**Given data**
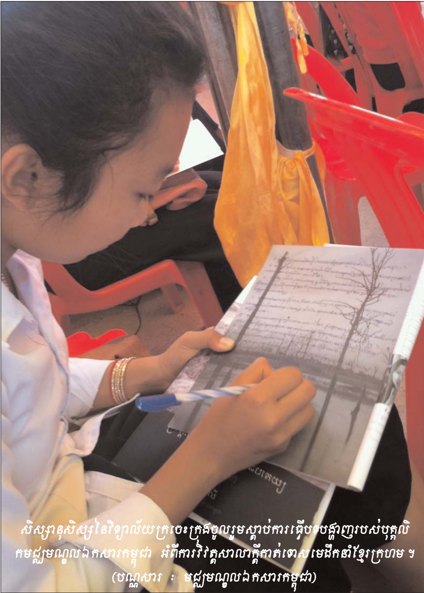
សិស្សានុសិស្សនៃវិទ្យាល័យក្រចេះក្រុងចូលរួមស្តាប់ការធ្វើបទបង្ហាញរបស់បុគ្គលិកមជ្ឈមណ្ឌលឯកសារកម្ពុជា អំពីការវិវត្តសាលាក្តីកាត់ទោសមេធាវីក្នុងខ្មែរក្រហម ។

ជាក់ស្តែងសវនាការស្តាប់សក្ខីកម្មរបស់សាក្សី និង សុំផ្អាកសក្ខីកម្មមួយចំនួន ដែលសាក្សីបានផ្តល់ជូនសហចៅក្រមស៊ើបអង្កេត ត្រូវបានសាក្សីប្រកាសលុបចោលនៅចំពោះមុខអង្គជំនុំជម្រះសាលាដំបូង ។ សាក្សីបានលើកសំណើថា “...សំណូមពរឲ្យអង្គសវនាការ លុបចោលនូវពាក្យទាំងឡាយណាដែលខ្ញុំបានផ្តល់បទសម្ភាសន៍ជូនចៅក្រមស៊ើបអង្កេត ក្របពាក្យទាំងអស់នៅក្នុងបទសម្ភាសន៍ ហ្នឹងដែលមានពាក្យ ប្រហែល អាចឬតាមខ្ញុំស្មាន ចេញទៅកុំទុក ជាការ ពីព្រោះគឺខ្ញុំមិនបានដឹង” ។ សូមមើលប្រតិចារិកថ្ងៃទី៥ ខែកញ្ញា ឆ្នាំ២០១២ ត្រង់ទំព័រ៥៨ និង៥៩ ។ អាចរកបានក្នុងគេហទំព័រ http://www.eccc.gov.kh/document/court/22495 ។
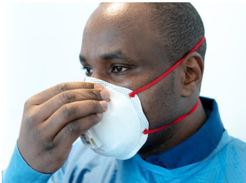
Rycina 7. Dopasowywanie metalowej listwy do kształtu twarzy.

Należy dopasować metalową listwę tak by półmaska ściśle przylegała do nosa oraz zaciągnąć paski tak by uzyskać stabilne i komfortowe dopasowanie półmasks. Jeżeli pojawiają się problem z odpowiednim dopasowaniem maseczki można spróbować skrzyżowania pasków (choć może być to sprzeczne z zaleceniami producenta).
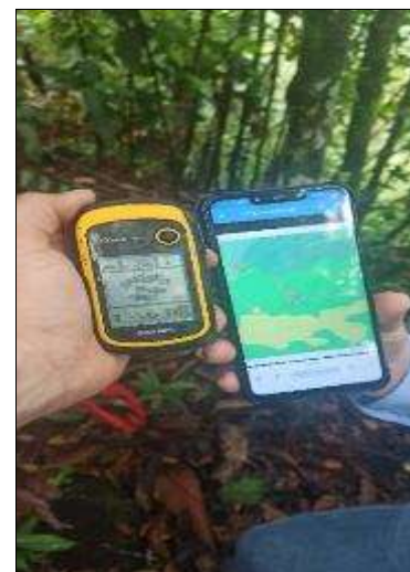
Foto 10. Zona proyectada para instalación de la tubería de conducción

Continuando el ascenso, se aleja del paisaje fragmentado agrícola forestal, para dar paso a un bosque secundario de mejor desarrollo estructural, con presencia de individuos pioneros típicos en diferentes estadios sucesionales, con predominio de especies forestales de los géneros Cecropia, Hymenaea, Jacaranda, Leucaena y Clusia. Especies como el yarumo, algarrobo, chingalé, acacia en estado juvenil, muestra el nivel de intervención antrópica producto de la explotación de madera con fines comerciales y para el suministro de leña de uso doméstico para la zona rural.
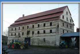
6. Dawny spichlerz w folwarku dolnym
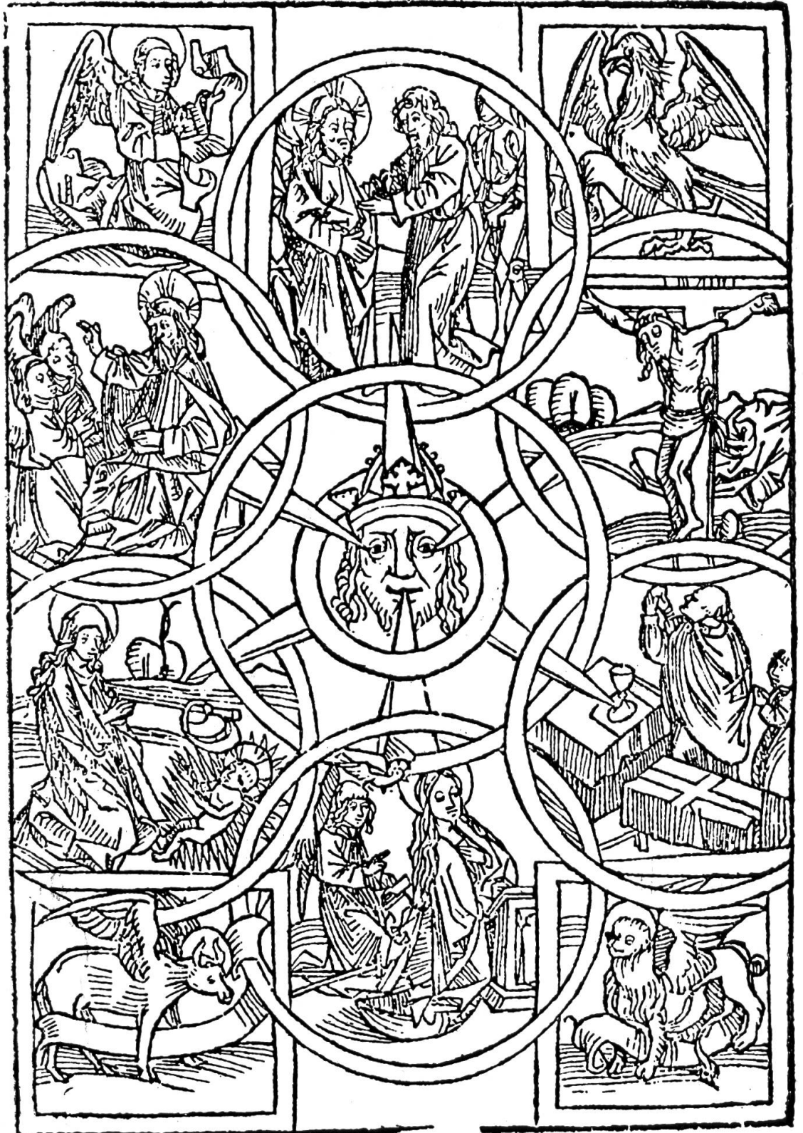
Visionsbild in der Pfarrkirche Sachseln

**Exercise directions**
From the line that contains "Continuando el ascenso, se" to the last line of the records above, copy each line exactly, both ends included, and leave the pictures out.

**Written solution**
Continuando el ascenso, se aleja del paisaje fragmentado agrícola forestal, para dar paso a un bosque secundario de mejor desarrollo estructural, con presencia de individuos pioneros típicos en diferentes estadios sucesionales, con predominio de especies forestales de los géneros Cecropia, Hymenaea, Jacaranda, Leucaena y Clusia. Especies como el yarumo, algarrobo, chingalé, acacia en estado juvenil, muestra el nivel de intervención antrópica producto de la explotación de madera con fines comerciales y para el suministro de leña de uso doméstico para la zona rural.
6. Dawny spichlerz w folwarku dolnym
Visionsbild in der Pfarrkirche Sachseln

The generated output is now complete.